Current Projects

Panda Pain Assessment App

Undertreated post-surgical pain after discharge from hospital presents a real burden to the child, to families, and the health care system, in terms of poor outcomes and the stress of coping with the recovery at home and of potential hospital readmission. Smartphone apps have shown promise in the support of at-home management of chronic cancer pain and acute sickle cell pain in children. However, there are no apps available for the assessment and management of post-surgical pain. There is room for an efficient, accessible, and cost-effective means of providing support to caregivers to improve their management of post-operative pain. The Panda application may provide such support. This study will allow us to improve the app’s usability, and demonstrate feasibility in advance of a larger trial in which Panda will be used by caregivers and children at home.

Sepsis modeling and outcome prediction

Severe sepsis and septic shock are associated with a high burden of morbidity and mortality among critically ill children. Through improvements in supportive care, secular trends reveal a gradual decline in mortality. In collaboration with our critical care colleagues, our goal is to use a large North-American registry cohort to validate and compare the performance of existing risk score, identify new combinations of risk factors, and to develop novel outcome prediction tools.

Evaluation of data imputation strategies 

This project asks how to best deal with missing data in clinical studies. Analyses of large observational studies often encounter the issue of missing data, which are likely not missing at random. We have evaluated the performance of some pragmatic approaches when dealing with varying degrees of missingness in the clinical data needed in the calculation of two widely-accepted mortality prediction models. 

The approaches we have evaluated include using complete cases only, assuming missing data are normal, and multiple (or multivariate) imputation by chained equations (MICE). The data we have used were obtained from a large North American registry, which provides clinical markers and outcomes from curated records. The MICE approach proves to be an effective strategy with even small proportions of missing data. 

Perioperative opioid quality improvement / Pain risk prediction

There has been a dramatic increase in opioid misuse across North America. We aim to reduce the risk of surgical patients who are given an opioid prescription for their recovery from becoming long-term opioid users. We know this is a current problem with at least 6% of these patients. We plan to create a system that automatically collects and analyzes patient-centric data and provides physicians with actionable feedback on patients’ short-and long-term outcomes, including their opioid usage, opioid-sparing strategies, pain, nausea, and mobility. 

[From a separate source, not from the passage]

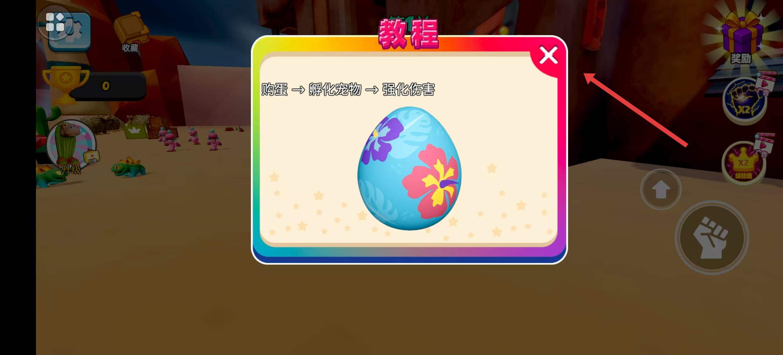 3、與蛋互動后,會彈出教程提示框,上面清晰展示了購蛋、孵化寵物、強化傷害的流程,仔細了解這些流程后,就可以關閉提示框,繼續進行后續的操作。

This project is focused on developing a transformative digital innovation through collaboration with industry partners. In an extension of this work, we will combine machine learning AI techniques with patient-oriented research approaches to improve the treatment of post-surgical pain in children. We propose to risk-stratify children before surgery, so that pre-habilitation and optimized analgesic combinations can be used to reduce long-term post-surgical pain.  

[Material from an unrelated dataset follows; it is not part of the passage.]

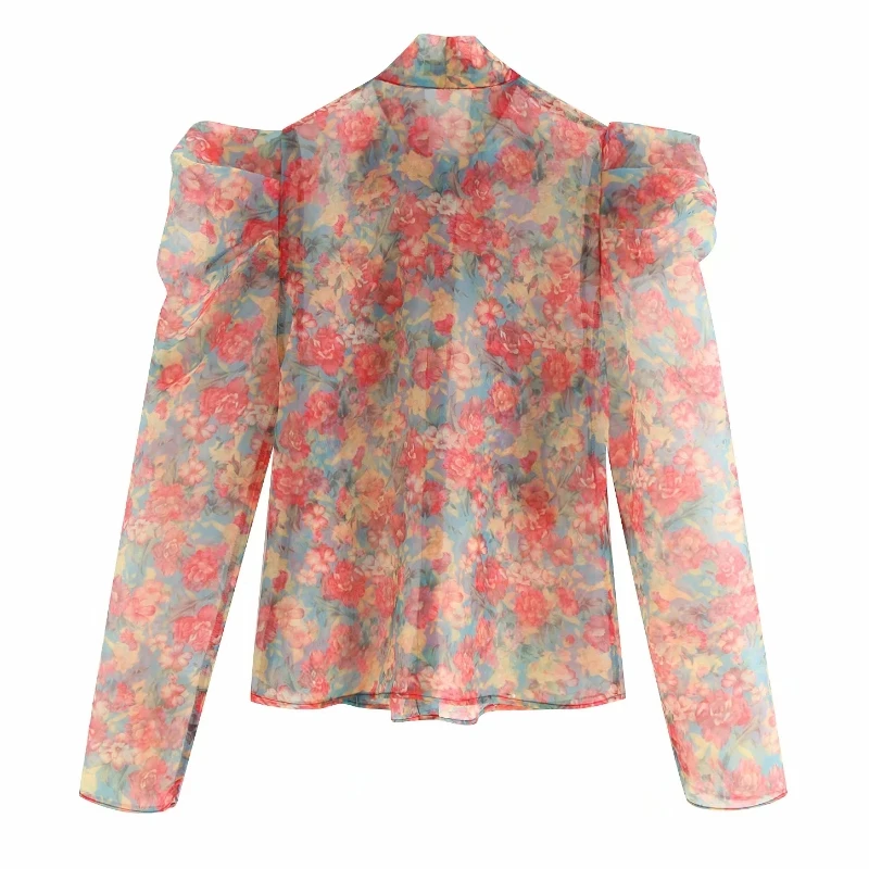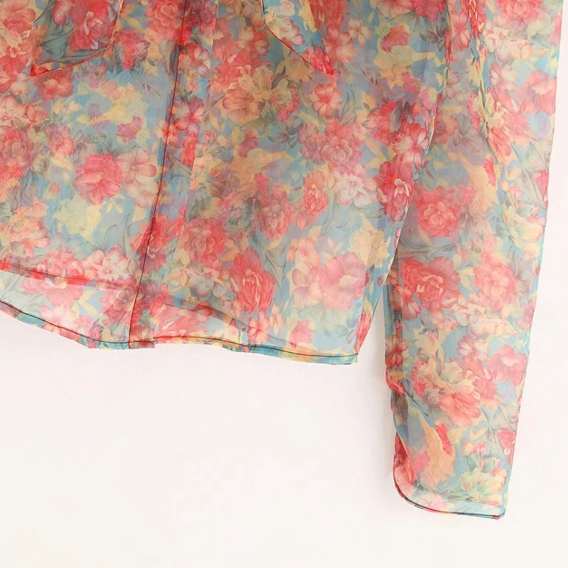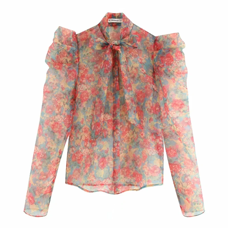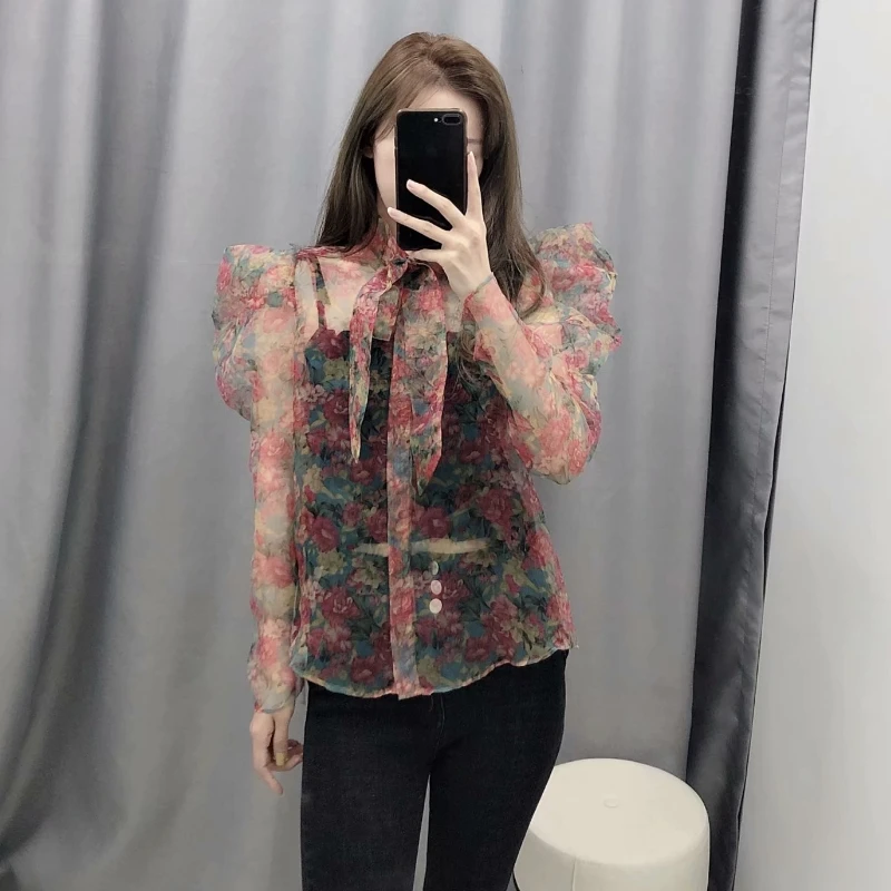 Special Offer Kobiety słodkie czerwony kwiat drukowanie na co dzień organza bluzki koszula kobiety z długim rękawem łuk wiązane bluza blusas przezroczysta koszulka LS3960 Discount 27% Today!

A Trusted, Secure and Privacy-respecting Healthcare Environment Realized for Everyone

Secure patient-controlled data access and portability of health data are limited. This industry-led project aims to empower Canadians through a trustworthy health access platform that enables them to view, share, and securely manage their health data. Our team will contribute expertise in medical device interoperability, data sharing, and technology evaluation. 

The platform we create will apply open standards and a co-operative governance model that will allow users to share confidential information through online health care services in compliance with the highest healthcare and public standards of privacy protection. Patients will control the sharing and access to the information they deem sensitive and can choose what data can be shared with whom, for what purpose, when, where, and for how long.